▸ **Your assignment**
Only the lines of the listing below that run from the line with "GABINETE DE PARED" through the line with "モルフォチョウの中でもっとも" are to be set down, word for word. Pictures stay out.

▸ **Records shown**
####

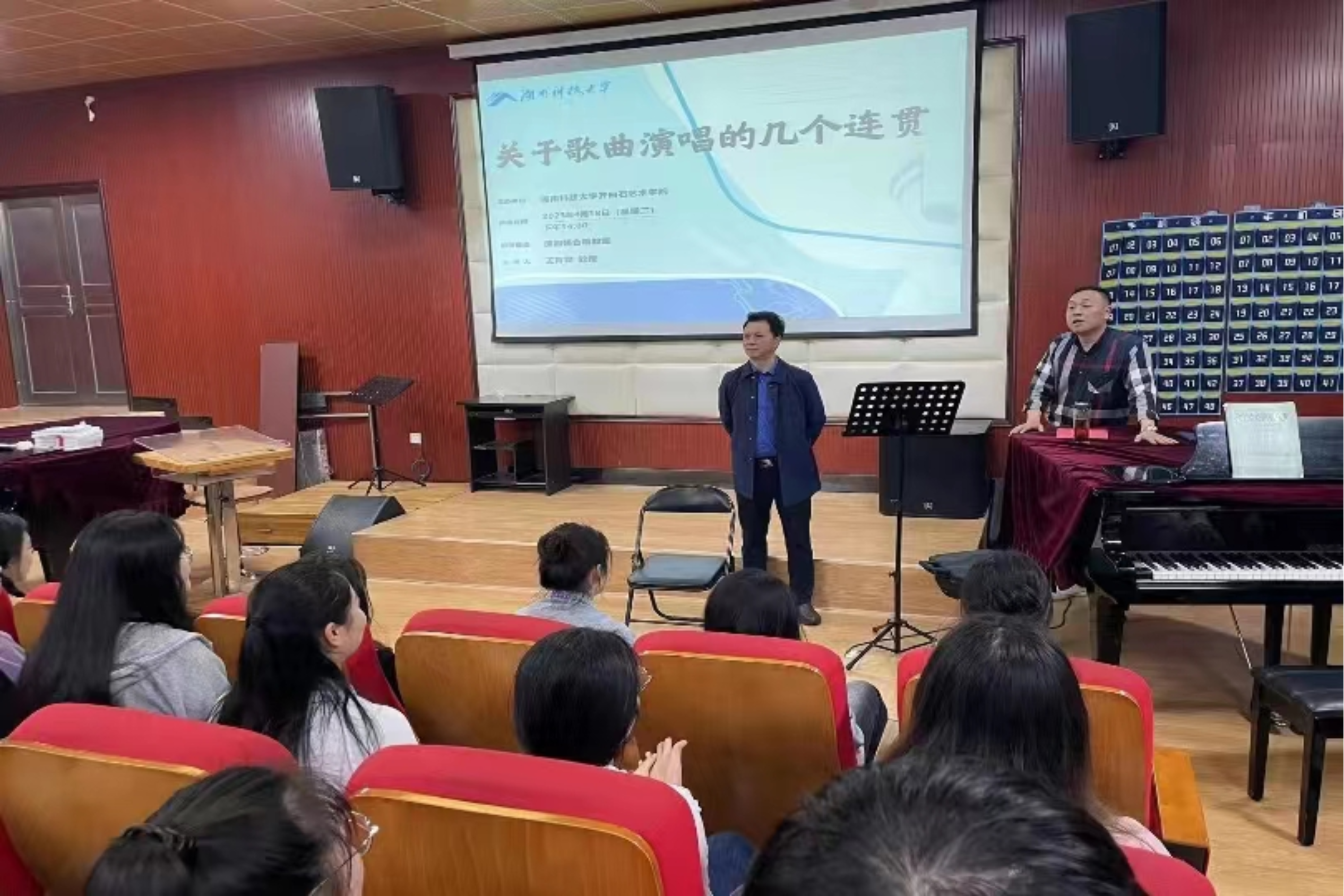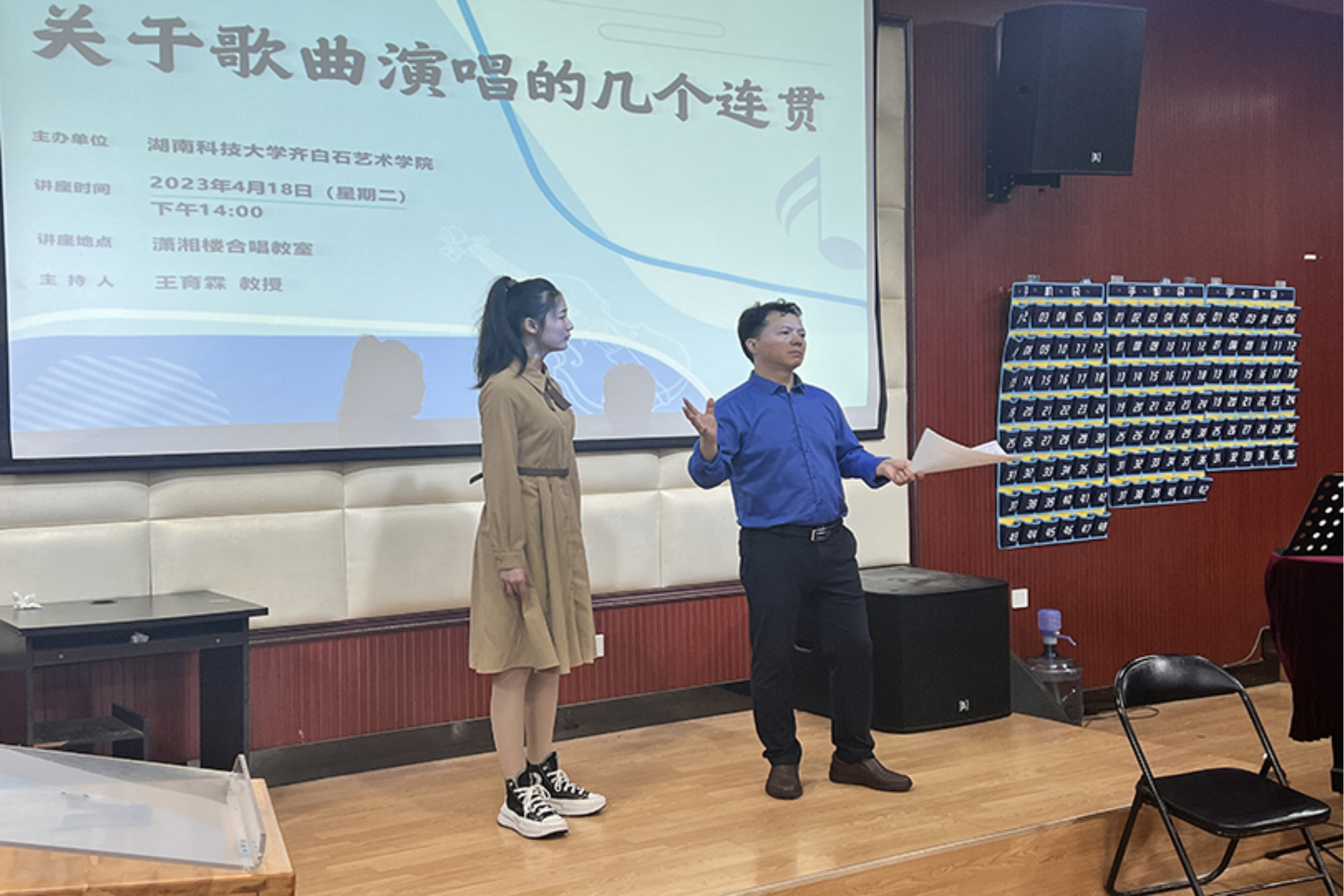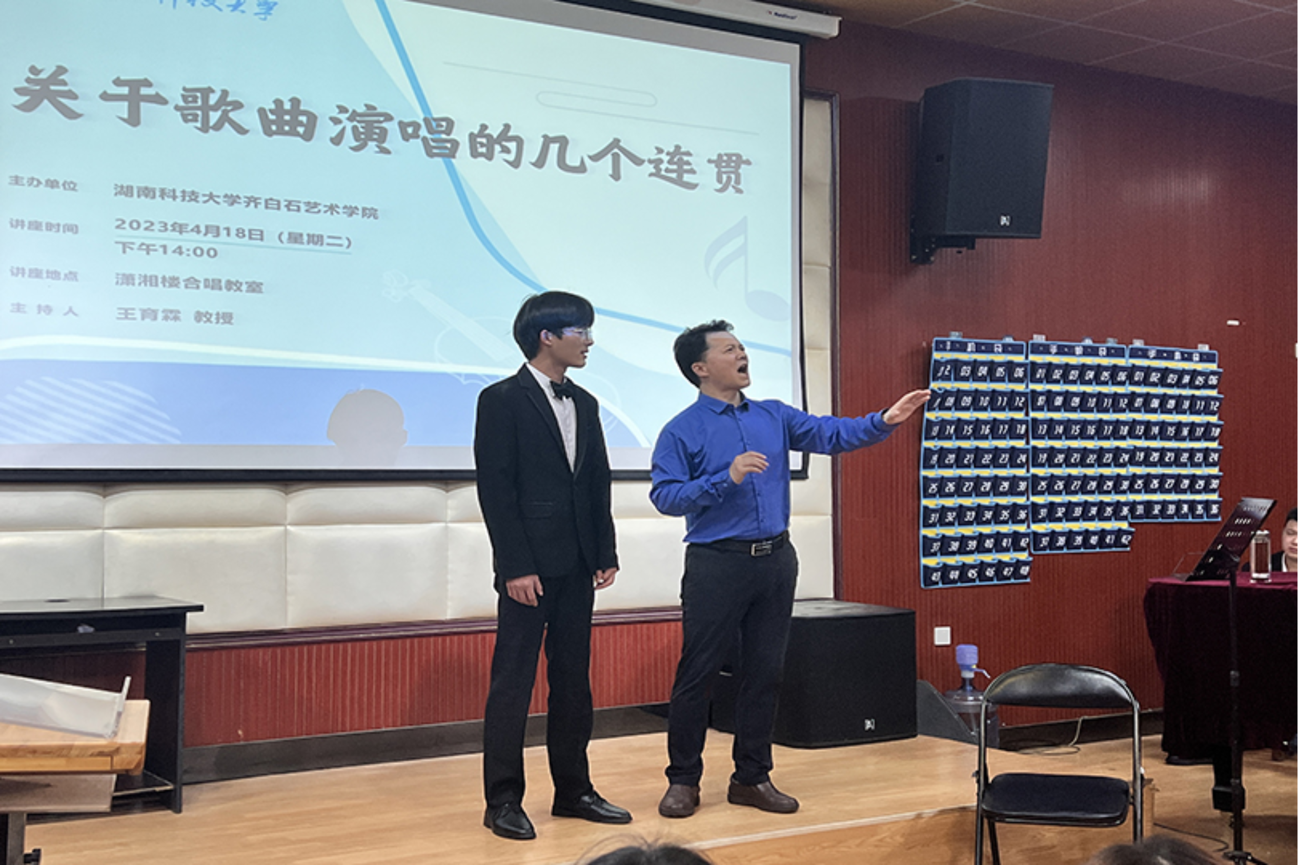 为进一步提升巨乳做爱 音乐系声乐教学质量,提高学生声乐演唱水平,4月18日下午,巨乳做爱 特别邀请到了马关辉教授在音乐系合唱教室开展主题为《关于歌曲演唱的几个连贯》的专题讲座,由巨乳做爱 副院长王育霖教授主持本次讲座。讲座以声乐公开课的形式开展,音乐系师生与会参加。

####

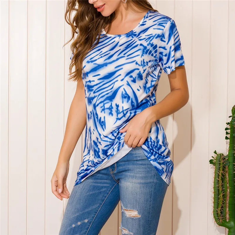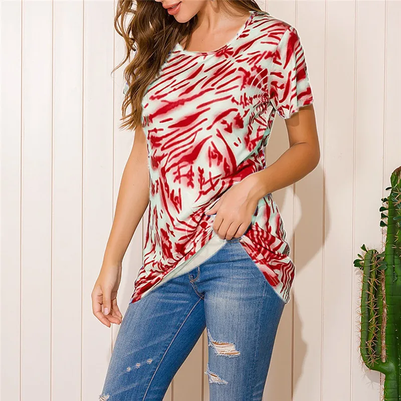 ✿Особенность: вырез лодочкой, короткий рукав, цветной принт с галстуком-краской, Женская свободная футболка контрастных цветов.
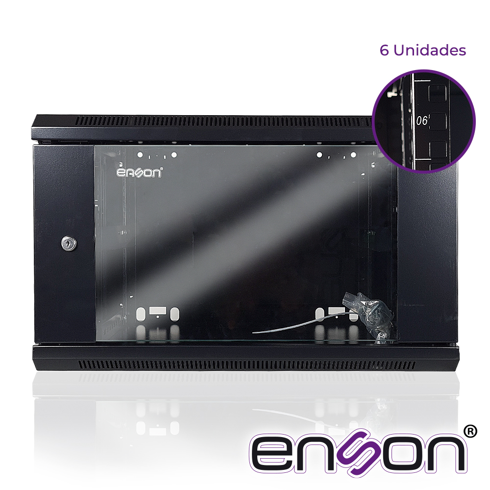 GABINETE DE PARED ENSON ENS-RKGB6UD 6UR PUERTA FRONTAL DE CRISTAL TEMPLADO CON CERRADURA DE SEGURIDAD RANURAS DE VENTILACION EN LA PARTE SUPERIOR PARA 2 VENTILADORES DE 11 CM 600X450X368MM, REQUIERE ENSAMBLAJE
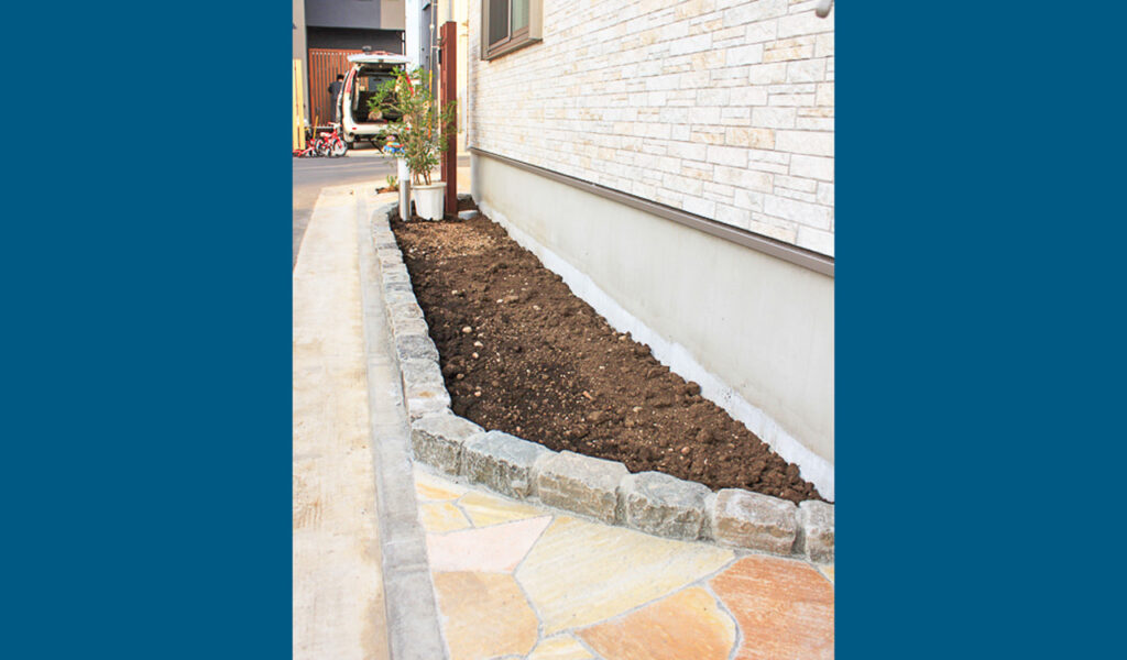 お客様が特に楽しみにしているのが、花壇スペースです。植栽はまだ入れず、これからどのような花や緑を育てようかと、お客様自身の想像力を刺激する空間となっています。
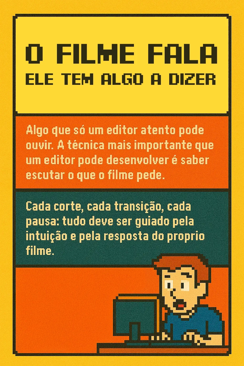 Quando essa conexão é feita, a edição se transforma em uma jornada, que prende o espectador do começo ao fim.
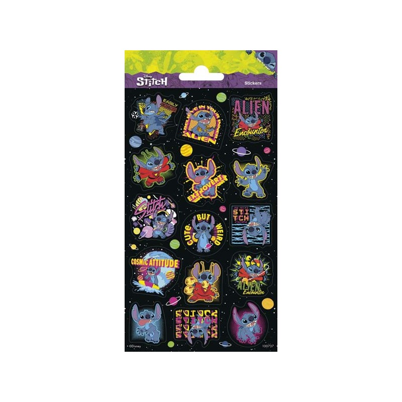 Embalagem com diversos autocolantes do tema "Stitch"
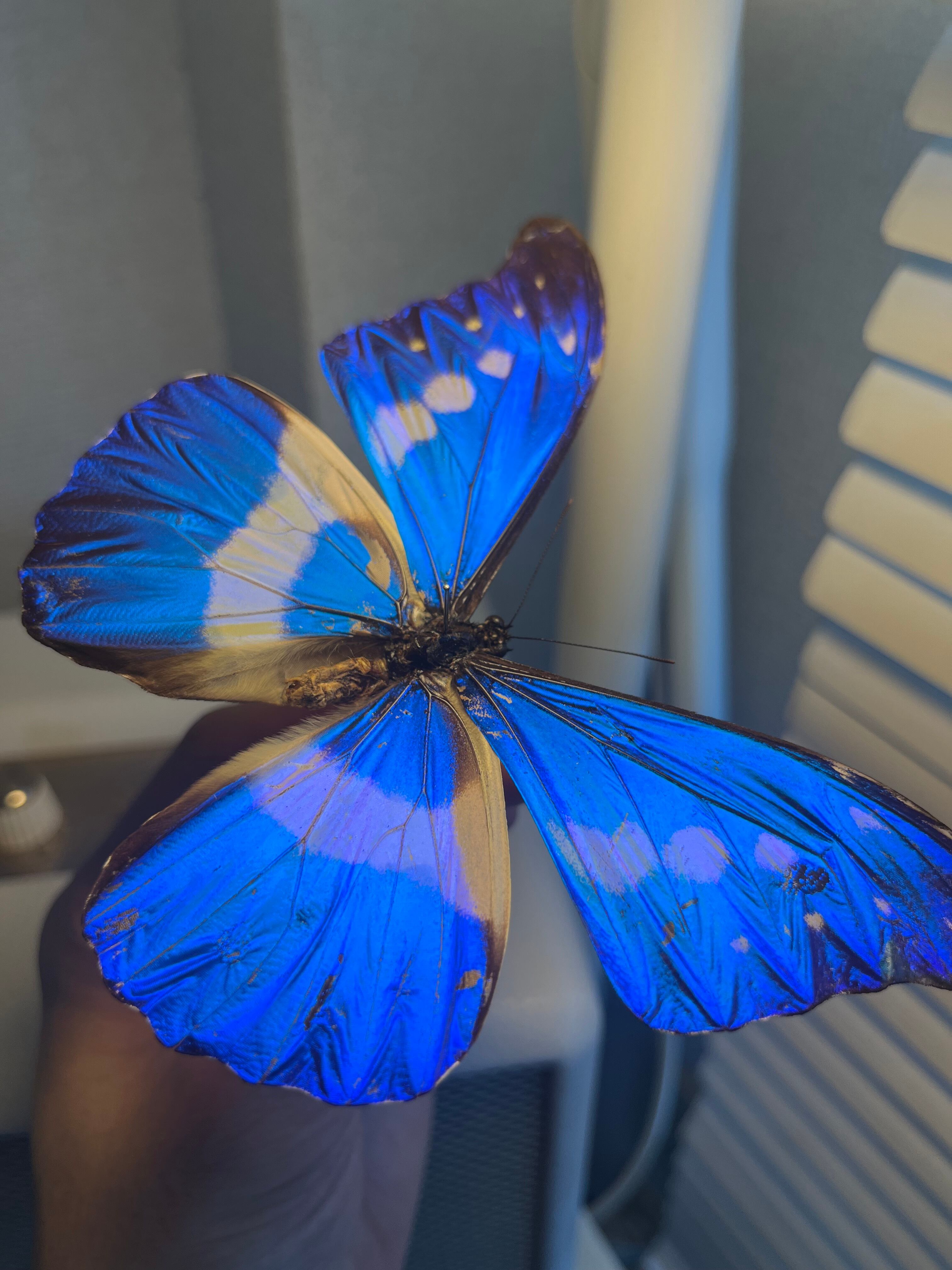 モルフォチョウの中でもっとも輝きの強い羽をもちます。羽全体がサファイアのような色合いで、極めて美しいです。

####

▸ **Reply to the exercise**
 GABINETE DE PARED ENSON ENS-RKGB6UD 6UR PUERTA FRONTAL DE CRISTAL TEMPLADO CON CERRADURA DE SEGURIDAD RANURAS DE VENTILACION EN LA PARTE SUPERIOR PARA 2 VENTILADORES DE 11 CM 600X450X368MM, REQUIERE ENSAMBLAJE
 お客様が特に楽しみにしているのが、花壇スペースです。植栽はまだ入れず、これからどのような花や緑を育てようかと、お客様自身の想像力を刺激する空間となっています。
 Quando essa conexão é feita, a edição se transforma em uma jornada, que prende o espectador do começo ao fim.
 Embalagem com diversos autocolantes do tema "Stitch"
 モルフォチョウの中でもっとも輝きの強い羽をもちます。羽全体がサファイアのような色合いで、極めて美しいです。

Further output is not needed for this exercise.